▸ **What is being asked**: Only one span of the material below is wanted. Output it exactly, from the line with "28 Mart Çarşamba" through the line with "Cute Border Terrier", without any pictures.

▸ **Study material**:
Content starts

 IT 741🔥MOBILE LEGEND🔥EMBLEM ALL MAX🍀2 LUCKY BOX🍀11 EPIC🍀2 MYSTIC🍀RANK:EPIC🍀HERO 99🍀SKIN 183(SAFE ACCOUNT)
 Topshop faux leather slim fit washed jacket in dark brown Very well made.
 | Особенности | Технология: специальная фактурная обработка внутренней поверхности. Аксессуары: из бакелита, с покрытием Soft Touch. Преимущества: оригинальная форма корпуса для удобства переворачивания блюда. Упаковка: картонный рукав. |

Content ends
Content starts

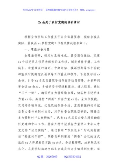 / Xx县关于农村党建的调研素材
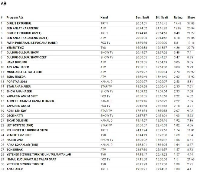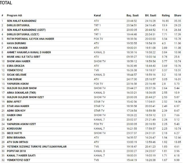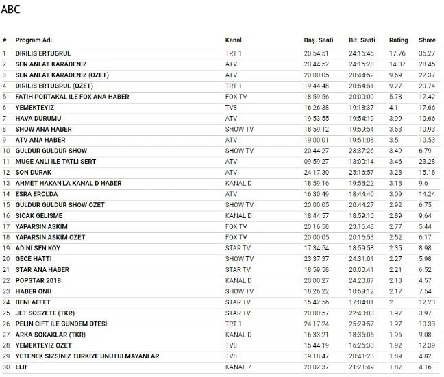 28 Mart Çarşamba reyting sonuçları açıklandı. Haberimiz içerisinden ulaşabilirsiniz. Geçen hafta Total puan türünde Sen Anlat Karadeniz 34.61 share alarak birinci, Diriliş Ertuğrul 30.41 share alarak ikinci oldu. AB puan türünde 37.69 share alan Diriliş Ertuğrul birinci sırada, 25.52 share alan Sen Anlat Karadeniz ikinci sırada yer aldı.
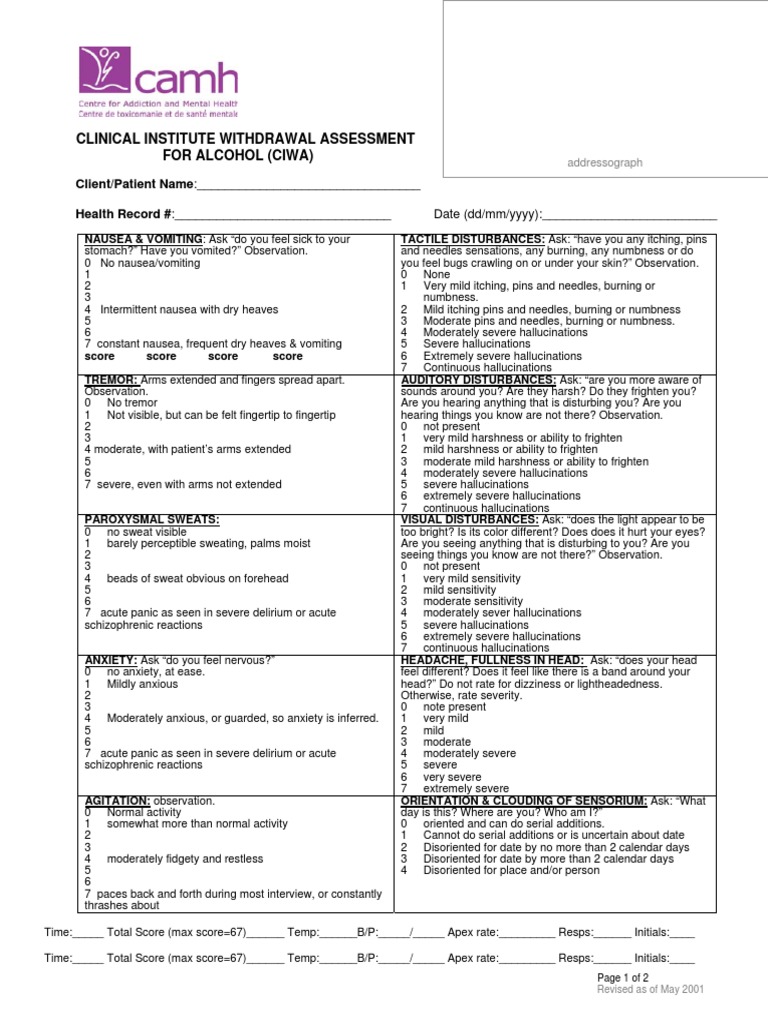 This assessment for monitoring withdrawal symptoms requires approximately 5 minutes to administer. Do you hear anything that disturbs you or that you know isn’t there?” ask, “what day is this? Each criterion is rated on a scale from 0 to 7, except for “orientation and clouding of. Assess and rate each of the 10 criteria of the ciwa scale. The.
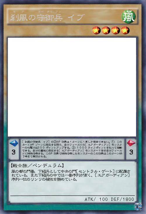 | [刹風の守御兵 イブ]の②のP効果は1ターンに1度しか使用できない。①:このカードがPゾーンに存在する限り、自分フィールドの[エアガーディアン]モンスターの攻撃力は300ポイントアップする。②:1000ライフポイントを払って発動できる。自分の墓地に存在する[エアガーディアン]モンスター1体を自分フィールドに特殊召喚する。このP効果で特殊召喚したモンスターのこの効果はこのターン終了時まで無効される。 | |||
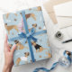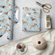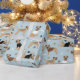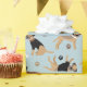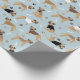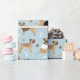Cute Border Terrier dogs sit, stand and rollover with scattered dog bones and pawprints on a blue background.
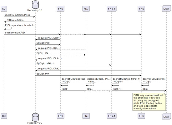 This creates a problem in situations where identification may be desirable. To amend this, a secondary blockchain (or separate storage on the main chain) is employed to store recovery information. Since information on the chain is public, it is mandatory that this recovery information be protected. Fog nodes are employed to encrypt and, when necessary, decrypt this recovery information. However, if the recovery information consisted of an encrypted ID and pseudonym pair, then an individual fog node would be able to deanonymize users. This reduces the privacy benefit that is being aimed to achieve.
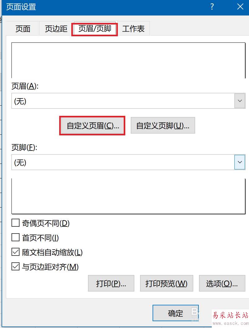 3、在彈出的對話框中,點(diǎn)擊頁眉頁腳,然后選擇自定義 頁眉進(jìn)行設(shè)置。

Content ends
Content starts

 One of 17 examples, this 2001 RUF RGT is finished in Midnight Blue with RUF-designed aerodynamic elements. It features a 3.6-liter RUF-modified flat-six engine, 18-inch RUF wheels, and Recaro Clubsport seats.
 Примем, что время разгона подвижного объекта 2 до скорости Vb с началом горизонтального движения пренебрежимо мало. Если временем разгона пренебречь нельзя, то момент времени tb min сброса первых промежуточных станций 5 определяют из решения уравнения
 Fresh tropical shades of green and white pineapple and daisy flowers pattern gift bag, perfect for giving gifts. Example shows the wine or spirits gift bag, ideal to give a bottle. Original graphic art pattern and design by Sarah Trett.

Content ends

▸ **Answer for the task**:
 28 Mart Çarşamba reyting sonuçları açıklandı. Haberimiz içerisinden ulaşabilirsiniz. Geçen hafta Total puan türünde Sen Anlat Karadeniz 34.61 share alarak birinci, Diriliş Ertuğrul 30.41 share alarak ikinci oldu. AB puan türünde 37.69 share alan Diriliş Ertuğrul birinci sırada, 25.52 share alan Sen Anlat Karadeniz ikinci sırada yer aldı.
 This assessment for monitoring withdrawal symptoms requires approximately 5 minutes to administer. Do you hear anything that disturbs you or that you know isn’t there?” ask, “what day is this? Each criterion is rated on a scale from 0 to 7, except for “orientation and clouding of. Assess and rate each of the 10 criteria of the ciwa scale. The.
 | [刹風の守御兵 イブ]の②のP効果は1ターンに1度しか使用できない。①:このカードがPゾーンに存在する限り、自分フィールドの[エアガーディアン]モンスターの攻撃力は300ポイントアップする。②:1000ライフポイントを払って発動できる。自分の墓地に存在する[エアガーディアン]モンスター1体を自分フィールドに特殊召喚する。このP効果で特殊召喚したモンスターのこの効果はこのターン終了時まで無効される。 | |||
Cute Border Terrier dogs sit, stand and rollover with scattered dog bones and pawprints on a blue background.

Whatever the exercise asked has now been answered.